Some telecom companies have merged in a deadly embrace trying to beat the market forces only to capitulate to its inexorable death march.

The period from the early 1980s to the late 1990’s were the glorious periods for telecommunication. Digital switches (1972-1982), ISDN (1988), international calling, trunk protocols, mobile (~1991), 2G, 2.5G, and 3G moved in succession, one after another.

Advancement came after advancement. The future had never looked so bright for telecom companies.

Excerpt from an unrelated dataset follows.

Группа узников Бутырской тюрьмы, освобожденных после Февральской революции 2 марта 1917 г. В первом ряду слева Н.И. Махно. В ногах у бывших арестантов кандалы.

The late 1990’s were heady years, not just for telecom companies, but to all technology companies. Stock prices soared. Many stocks were over-valued.  This was mainly due to what was described as the ‘irrational exuberance’ of the stock market.

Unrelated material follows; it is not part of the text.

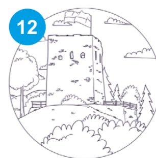
12 Ruiny zamku w Melsztynie

Lucent, Alcatel, Ericsson, Nortel Networks, Nokia, Siemens, Telecordia all ruled supreme.

1997-2000. then the inevitable happened. There was the infamous dot-com bust of the 2000 which sent reduced many technology stocks to penny stocks. Telecom company stocks went into a major tail spin.  Stock prices of telecom organizations plummeted. This situation, many felt, was further exacerbated by the fact that nothing important or earth shattering was forth-coming from the telecom. In other words, there was no ‘killer app’ from the telecommunication domain.

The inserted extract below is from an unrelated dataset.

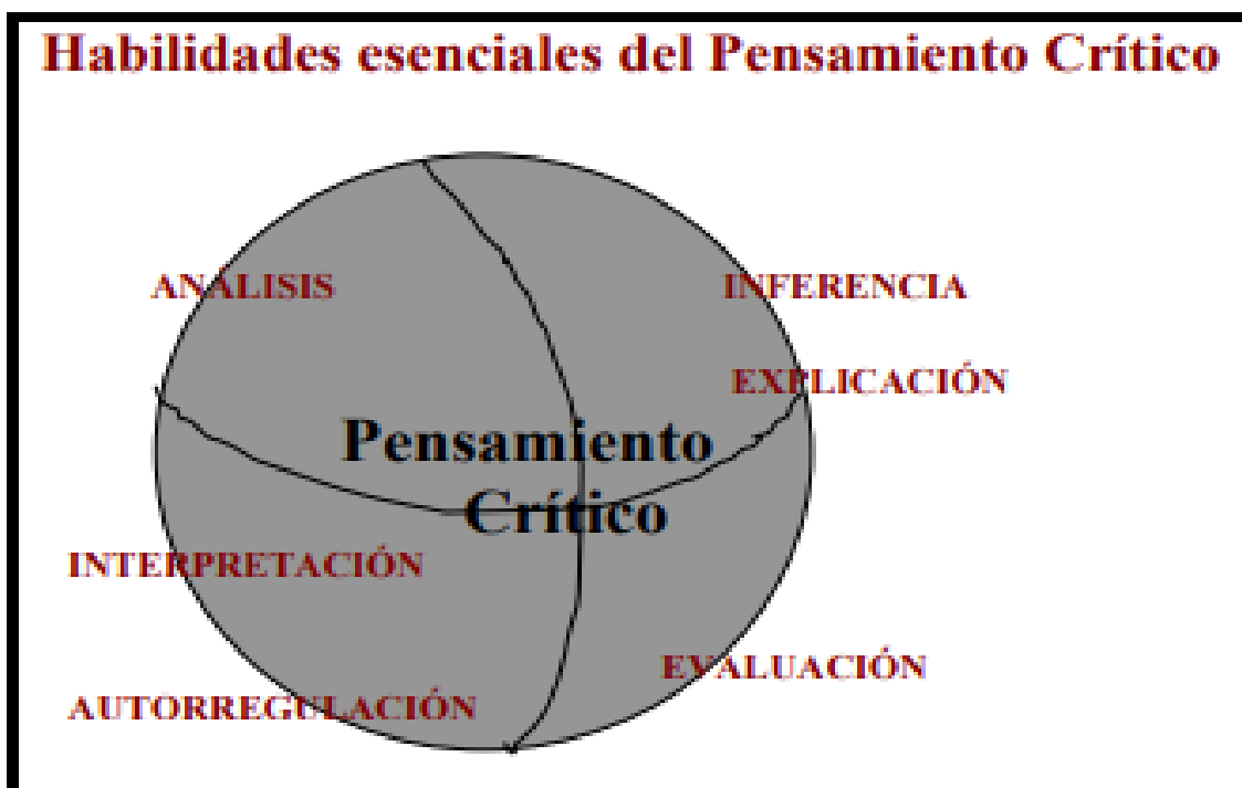
Figura1: Habilidades del Pensamiento Crítico (PC).

Las herramientas para el desarrollo del pensamiento crítico de docentes y directivos fueron construidas y/o adaptadas por el equipo de investigación del IDEP, con base en los planteamientos teóricos de Peter Facione (2007), quien desarrolla su perspectiva conceptual aludiendo al análisis de los aportes de cuarenta y seis expertos de Estados Unidos y Canadá en diferentes disciplinas académicas (humanidades, ciencias, ciencias sociales y educación) quienes fueron reunidos en un panel de expertos, en el marco de un proyecto de investigación para brindar sus aportes sobre pensamiento crítico. El autor utiliza un método inductivo para llegar a plantear una aproximación al concepto, en el que parte de exponer, desde la voz de los expertos, las habilidades fundamentales del pensamiento crítico, las cuales se presentan en la siguiente figura:

From 2000 onwards 3G, HSDPA, LTE etc. have all come and gone by. But the markets were largely unimpressed. This was also the period of the downward slide for telecom. The last decade and a half has been extra-ordinarily violent. Technology units of dying organizations have been cannibalized by the more successful ones.

Stellar organizations collapsed, others transformed into ‘white dwarfs’, still others shattered with the ferocity of a super nova.

Here is a short recap of the major events.

  • 2006 – After a couple of unsuccessful attempts Alcatel and Lucent finally decide to merge
  • 2006 – Nokia marries Siemens in a 20 billion Euro deal. N
  • 2009-10 – Ericsson purchases Nortel’s CDMA and LTE business for $1.13 billion
  • 2009-10 – Nortel implodes
  • 2010 – Motorola sells networking unit to Nokia for $1.2 Billion
  • 2011 – Internet giant Google mops up Motorola’s handset division for $12.5 billion, largely for the patents
  • 2012 – Ericsson closes a deal with Telcordia for $1.15 billion
  • 2013 – Nokia sells its handset division to Microsoft after facing a serious beating from smartphones
  • 2015 – Nokia agrees to a $16.6 billion takeover of Alcatel Lucent

And so the story continues like the rhyme in Agatha Christie’s mystery novel

And then there were none

Ten little Indian boys went out to dine,                                                                                                                
One choked his little self and then there were nine…”

The Telecom companies continue their search for the elusive ‘killer app’ as progress comes in small increments – 3G, 3.5G, 3.75G, 4G, and 5G etc.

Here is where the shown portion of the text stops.